Each institution may choose from several different schemes of organization using the terms, in most-macroscopic to most-microscopic order: university, college, school, division, department, and office. To illustrate the finer points of how these terms are used, consider four example institutions:

    Purdue University is composed of multiple colleges—among others, the College of Agriculture and the College of Engineering. Of these Purdue breaks the College of Agriculture down into departments, such as the Department Agronomy or the Department of Entomology, whereas Purdue breaks down the College of Engineering into schools, such as the School of Electrical Engineering, which enrolls more students than some of its colleges do. As is common in this scheme, Purdue categorizes both its undergraduate students (and faculty and programs) and its post-graduate students (and faculty and programs) via this scheme of decomposition.
    Compare this to Brown University, which is composed of one college (The College, which is for undergraduates) and two schools (the Graduate School, which is for post-graduate students, and the Medical School, which is for the preparation of medical doctors).
    Likewise, Dartmouth College is a stand-alone institution that names itself using the college term, but is organized similarly to Brown University with undergraduates enrolled in Dartmouth College (directly) and Dartmouth College containing three graduate schools that enroll the post-graduate students: the Tuck School of Business, the Thayer School of Engineering, and Dartmouth Medical School.
    Compare this to an entirely-undergraduate liberal-arts college that is a stand-alone institution, Carleton College, which is composed of only the college that contains departments for arts, languages, natural sciences, and physical sciences.
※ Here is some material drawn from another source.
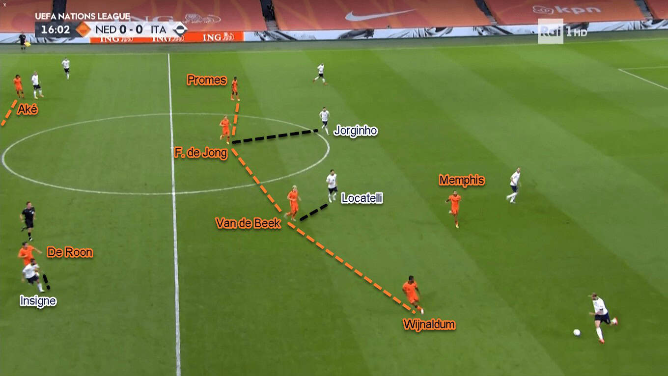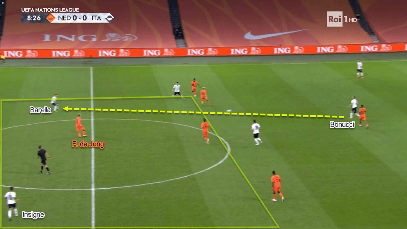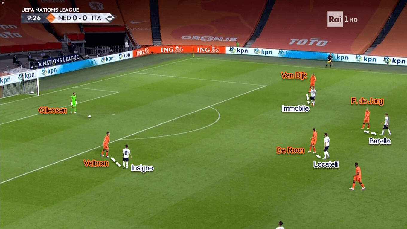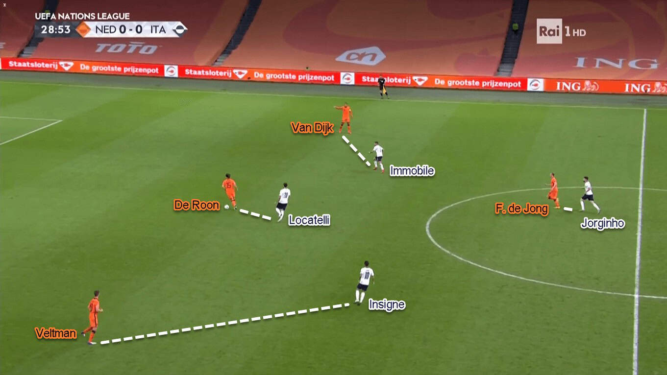 In the lopsided structure, left-winger Insigne joined Immobile in the frontline. Their task was to close Oranje’s centre-backs and prevent them from receiving the ball. Behind them, central midfielders Barella and Locatelli were tasked to close down Frenkie de Jong and Marten de Roon. The Italian midfielders would even follow their designated man even if the opponent drops down in between Veltman and Van Dijk.

Carleton is a pure example of a stand-alone college in the USA sense of the term “college”. Carleton confers no graduate degrees. Carleton has no schools that focus on a non-liberal-arts mission, such as a school of technology or engineering or nursing. Analogous to the Purdue University’s use of the term college, Carleton College is an academic sector composed of related departments that share a common liberal-arts philosophy of education. Analogous to the Brown and Dartmouth uses of the term college, Carleton College is entirely undergraduate.

In the Purdue University example, a college as a component of the university is a topical decomposition, focused on an academic sector of directly related academic disciplines. In the Brown University example, a college as a component of the university focuses on the undergraduate mission. In the Dartmouth College example of a college as a stand-alone institution, a college focusing on the undergraduate mission is the prevailing but distinct identity of what is arguably a university when the collective of college and schools are considered. In the Carleton College example, the purest example of the USA's use of the term college is displayed in two ways:

    a homogeneous collection of academic-discipline departments that are unified under a common philosophy of education; and
    an undergraduate focus on four-year degrees.